Data below:
┌──
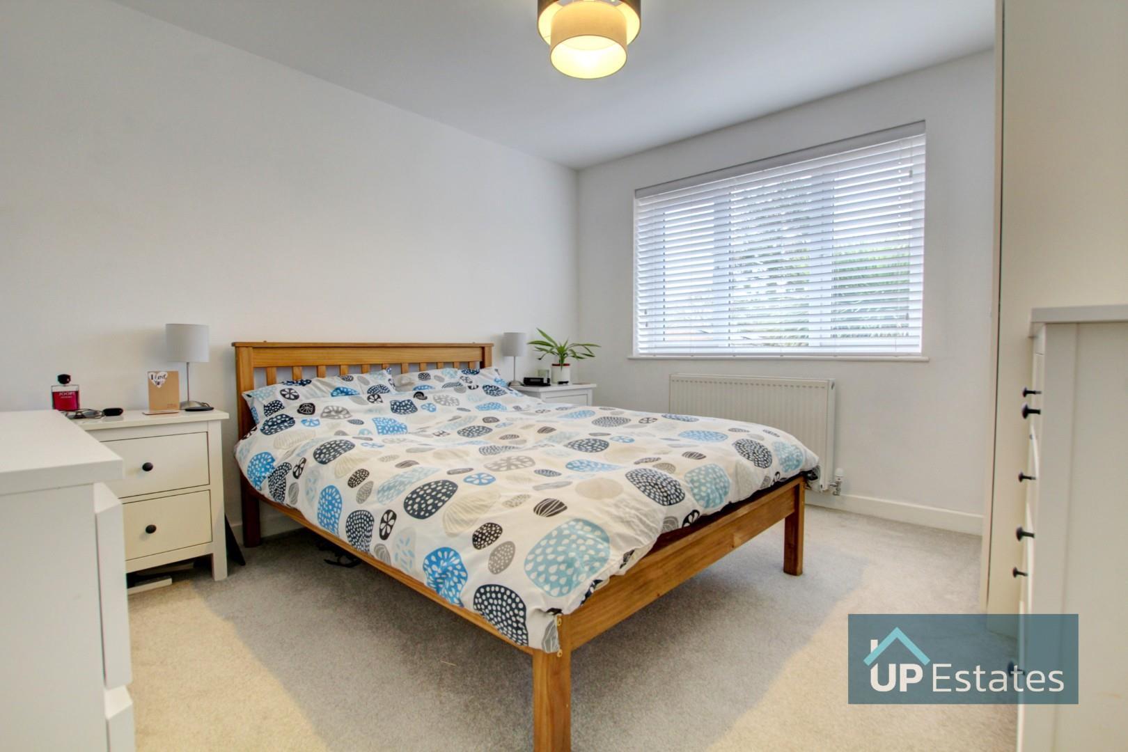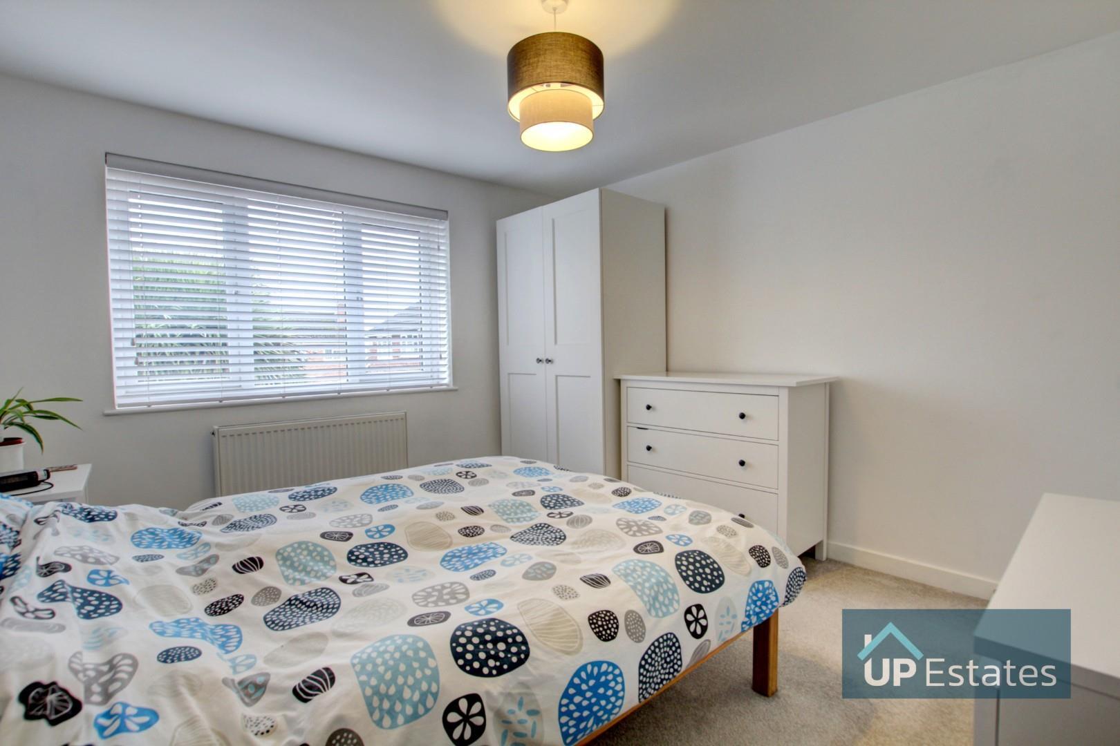 A double bedroom with double glazed windows, central heated radiator and integrated storage cupboard.
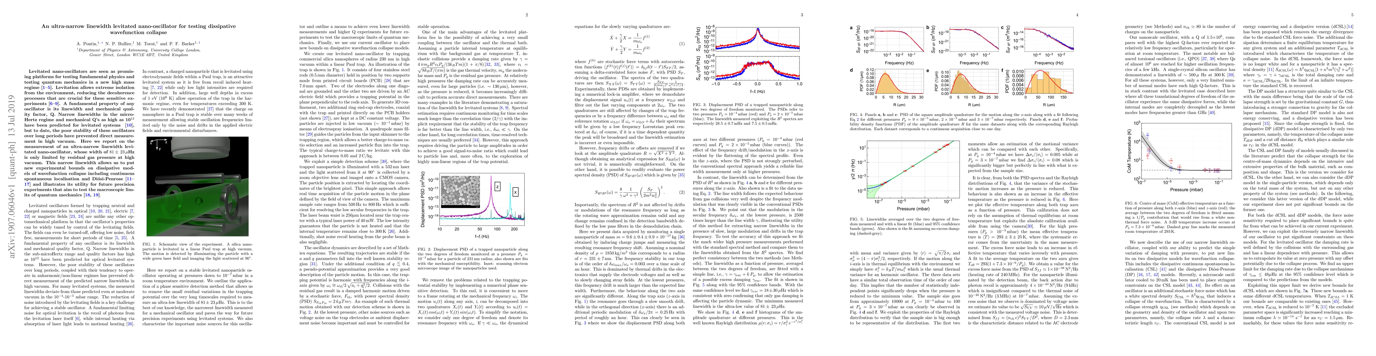 This paper reports the measurement of an ultra-narrow line width levitated nano-oscillator with a line width of $81\pm\,23\,\mu$Hz, enabling new experimental bounds on dissipative wavefunction collapse models and demonstrating its potential for future quantum mechanics tests.
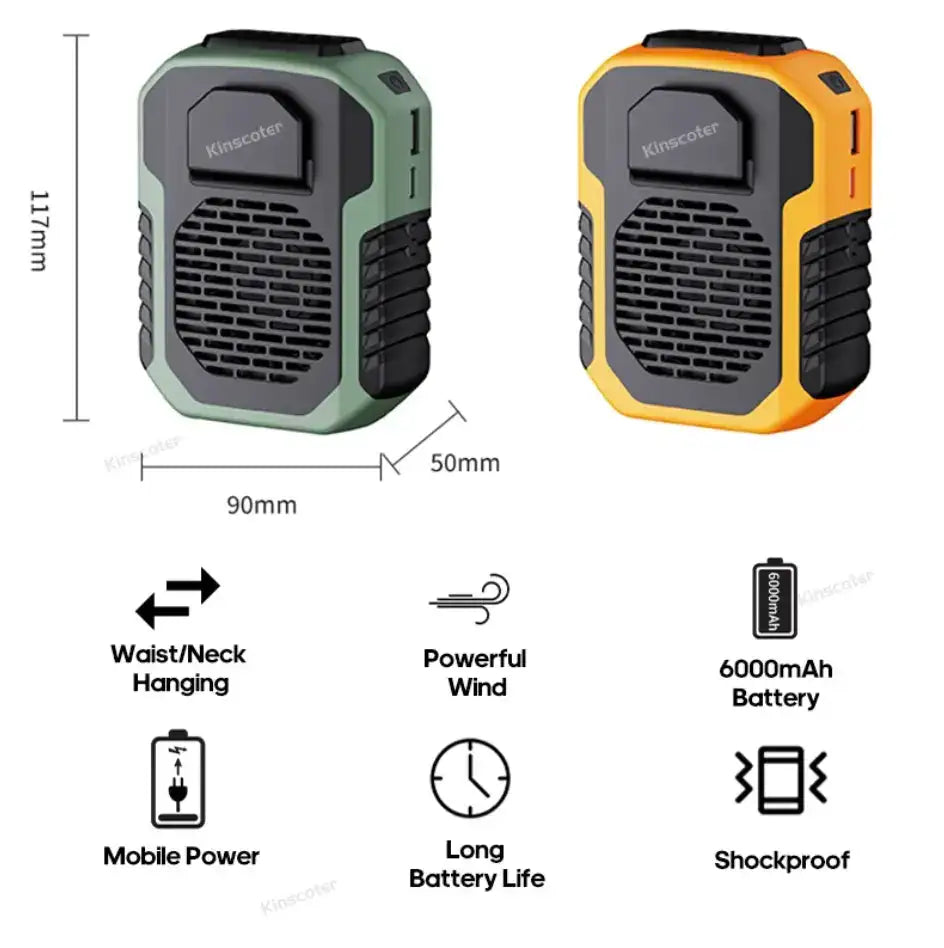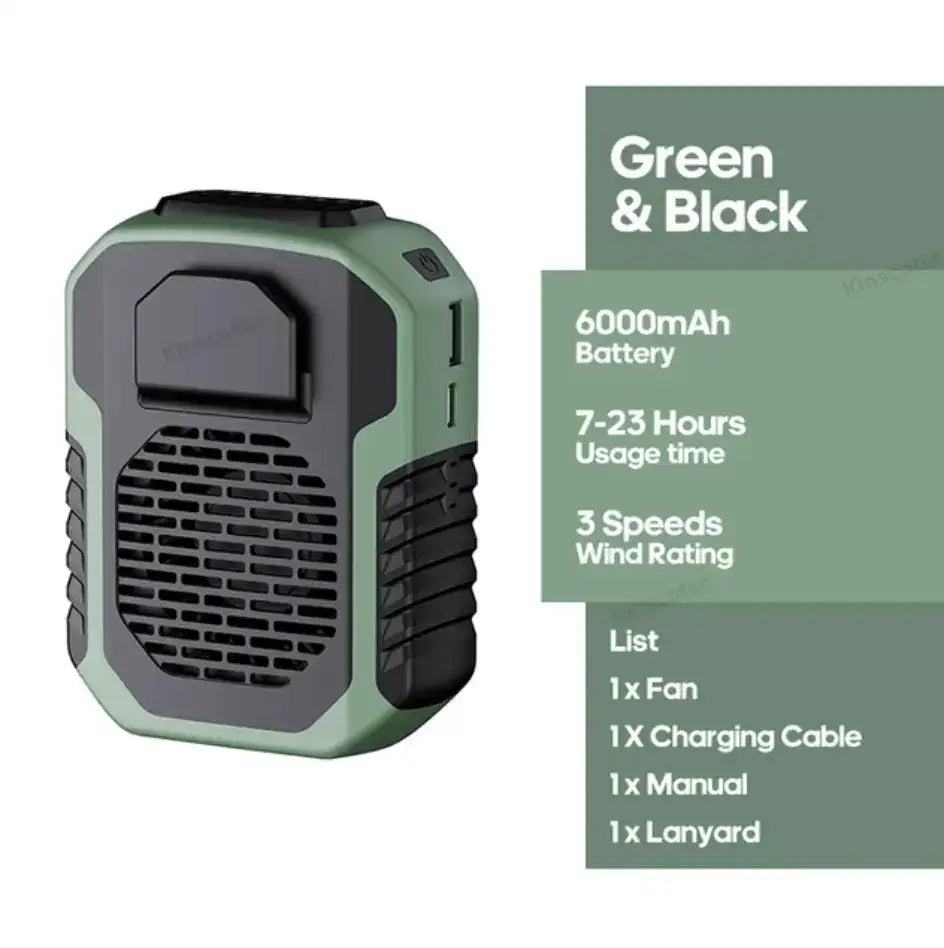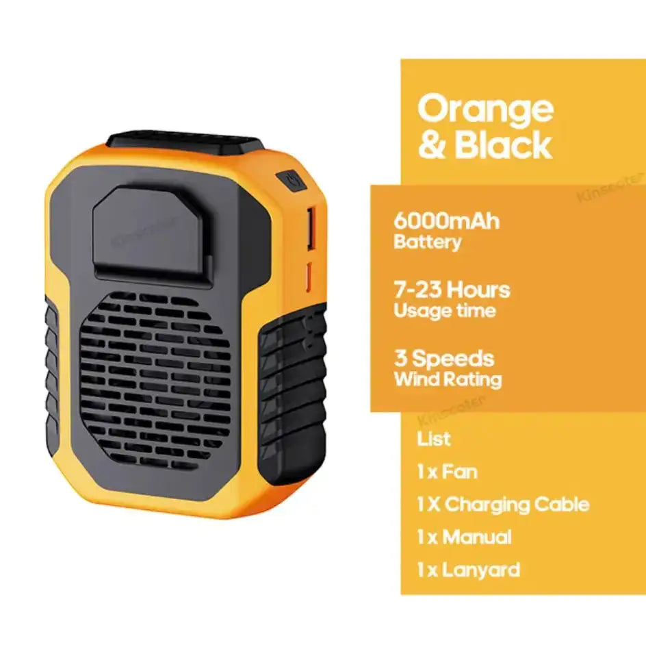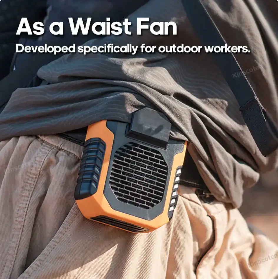 Beat the summer heat with the Waist Fan. Customizable Cooling: With three different wind speeds to choose from, you can easily find the perfect setting to keep you cool and comfortable all day long. Enjoy the refreshing breeze without any distracting noise. Our waist fan is designed to be completely silent, ensuring you can stay focused and undisturbed whether you're working, relaxing, or spending time with loved ones.
└──
Work to be completed: Both the line containing "This paper reports" and the last line of the listing above belong in the copy, along with every line between them; retype them exactly and omit the pictures.

Problem solution:
 This paper reports the measurement of an ultra-narrow line width levitated nano-oscillator with a line width of $81\pm\,23\,\mu$Hz, enabling new experimental bounds on dissipative wavefunction collapse models and demonstrating its potential for future quantum mechanics tests.
 Beat the summer heat with the Waist Fan. Customizable Cooling: With three different wind speeds to choose from, you can easily find the perfect setting to keep you cool and comfortable all day long. Enjoy the refreshing breeze without any distracting noise. Our waist fan is designed to be completely silent, ensuring you can stay focused and undisturbed whether you're working, relaxing, or spending time with loved ones.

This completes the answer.